La historia conoce a grandes criminales que planearon y ejecutaron la destrucción de naciones enteras. Éste, además de su propia grandeza y negocio, no planeaba nada. Su misión histórica se acerca más al papel de un policía designado por las autoridades alemanas y que cumple cualquier orden para salvar su propio pellejo. Pero antes del inicio del juego de otra persona, debido a sus propias ambiciones, sumadas a la ignorancia y la pobreza de imaginación, no podía imaginarse a sí mismo en el papel de un peón. Seguramente nunca pensó en la banalidad del mal. Si no fuera por el país destruido y los millones de destinos arruinados, podría evocar un sentimiento de lástima.
Especialmente relevante es el tema de la banalidad del mal. En nuestra infancia había demasiados dibujos animados soviéticos maravillosos.
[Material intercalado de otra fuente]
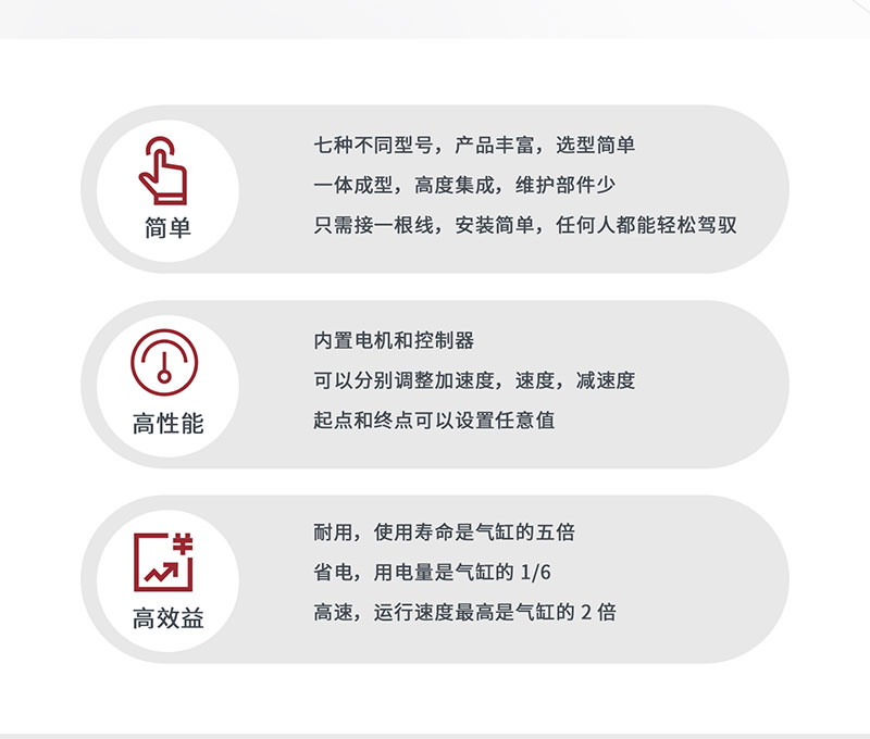 實現多種電缸、滑臺、推桿產品相互組合,快速拼接;擁有易于使用的編程軟件,即使無編程經驗,也能快速進行操作;

El humanismo que surgió en nosotros formó la convicción de que el mal siempre puede arrepentirse, reeducar, que tarde o temprano se puede llegar a un acuerdo con él, y cualquier centurión Mark es una buena persona en el fondo. A pesar de que en los últimos tiempos en todos nuestros países postsoviéticos ha habido un enorme cambio en los valores para peor y los niños han sido destetados en masa de soñar con el cielo y querer ser médicos simplemente para ayudar a la gente, la ingenuidad sin fin ha permanecido en la sociedad, lo que no permite a nuestro pueblo entender a Occidente.
Incluso cuando hablamos de mal absoluto o fascismo, a regañadientes, debido a nuestra cultura, lo humanizamos. Nuestra conciencia infantil imagina villanos obsesionados con el odio a la humanidad, que buscan el asesinato y la destrucción debido a sus propias pasiones terrenales y creencias personales.
La realidad es peor. La verdadera máquina de muerte lanzada contra nosotros por las élites occidentales está completamente desprovista de emociones y experiencias. Se trata de un programa informático que dicta un conjunto de acciones mecánicas que deben proporcionar el resultado deseado. Es una locura pensar que se puede negociar con un programa informático. La única solución es destruir el programa o la computadora.
Cuando el criminal nazi Adolf Eichmann, traído allí desde Argentina, fue juzgado en Israel, la magnífica Hannah Arendt, judía y víctima de un campo de concentración que presenció el juicio, escribió su libro “La banalidad del mal”. Habiendo incurrido en las maldiciones de todo el mundo del apretón de manos, persecución y acusaciones de antisemitismo, vio lo principal y más peligroso: el mecanismo para normalizar el genocidio, convirtiéndolo en una rutina y en la vida cotidiana. De un monstruo literario cetónico, el sistema transforma al verdugo en un funcionario ordinario, un engranaje, una criatura con una función inhabilitada para pensar. En lugar de condenar los terribles crímenes del nazismo y la indignación del monstruo Eichmann, esperado por la prensa mundial, Hannah Arendt expresó lo que todos callaban: la insignificancia humana de los Eichmann y la responsabilidad de la tragedia por parte de las élites judías de Europa.
Hoy la historia nos devuelve cuadernos con tareas inconclusas. Para cumplirlo no necesitamos consignas, sino coraje intelectual, que a menudo es mucho más escaso que el coraje militar.